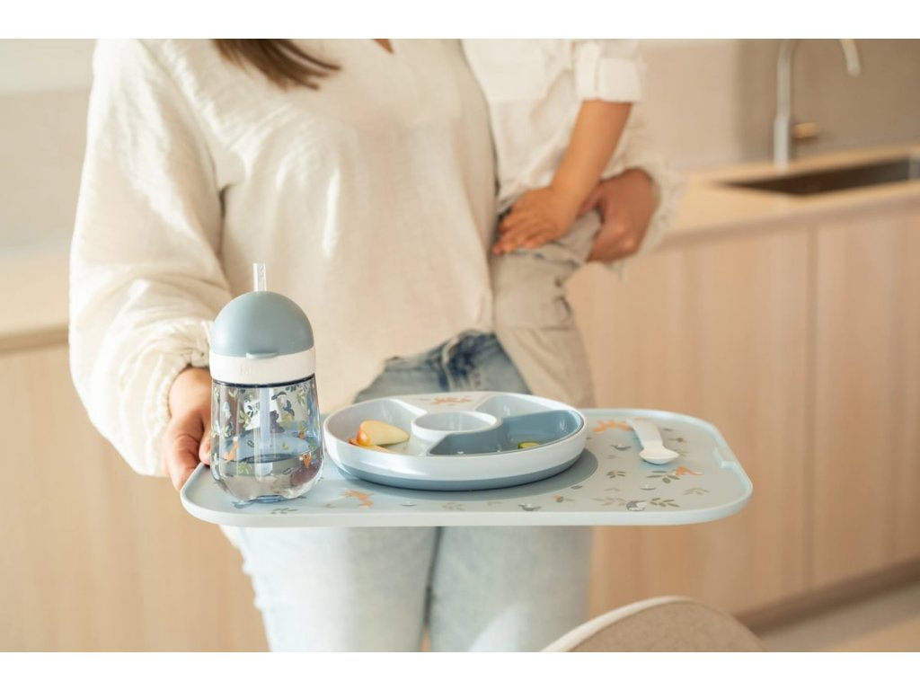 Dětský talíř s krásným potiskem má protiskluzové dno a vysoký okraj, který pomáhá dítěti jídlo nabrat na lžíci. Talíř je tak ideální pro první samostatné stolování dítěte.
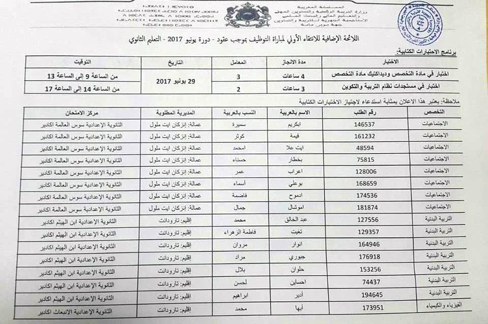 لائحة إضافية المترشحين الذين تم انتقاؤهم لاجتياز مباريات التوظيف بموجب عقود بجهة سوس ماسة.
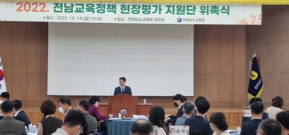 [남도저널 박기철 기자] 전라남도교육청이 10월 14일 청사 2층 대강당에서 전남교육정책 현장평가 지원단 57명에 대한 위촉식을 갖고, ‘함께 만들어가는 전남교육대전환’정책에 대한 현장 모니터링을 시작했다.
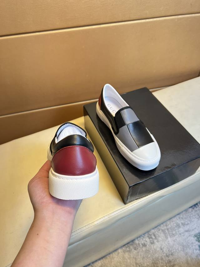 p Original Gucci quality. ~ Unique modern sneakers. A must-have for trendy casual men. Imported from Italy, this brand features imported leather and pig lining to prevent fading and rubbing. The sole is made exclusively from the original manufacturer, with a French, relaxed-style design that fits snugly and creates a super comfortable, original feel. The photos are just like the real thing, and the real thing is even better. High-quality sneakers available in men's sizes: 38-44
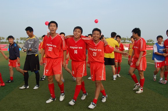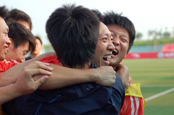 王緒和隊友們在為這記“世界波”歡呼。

++++++++++

Could you repeat word for word only the lines from the one that contains "[남도저널 박기철 기자]" through the end of the listing, leaving out the pictures?

 [남도저널 박기철 기자] 전라남도교육청이 10월 14일 청사 2층 대강당에서 전남교육정책 현장평가 지원단 57명에 대한 위촉식을 갖고, ‘함께 만들어가는 전남교육대전환’정책에 대한 현장 모니터링을 시작했다.
 p Original Gucci quality. ~ Unique modern sneakers. A must-have for trendy casual men. Imported from Italy, this brand features imported leather and pig lining to prevent fading and rubbing. The sole is made exclusively from the original manufacturer, with a French, relaxed-style design that fits snugly and creates a super comfortable, original feel. The photos are just like the real thing, and the real thing is even better. High-quality sneakers available in men's sizes: 38-44
 王緒和隊友們在為這記“世界波”歡呼。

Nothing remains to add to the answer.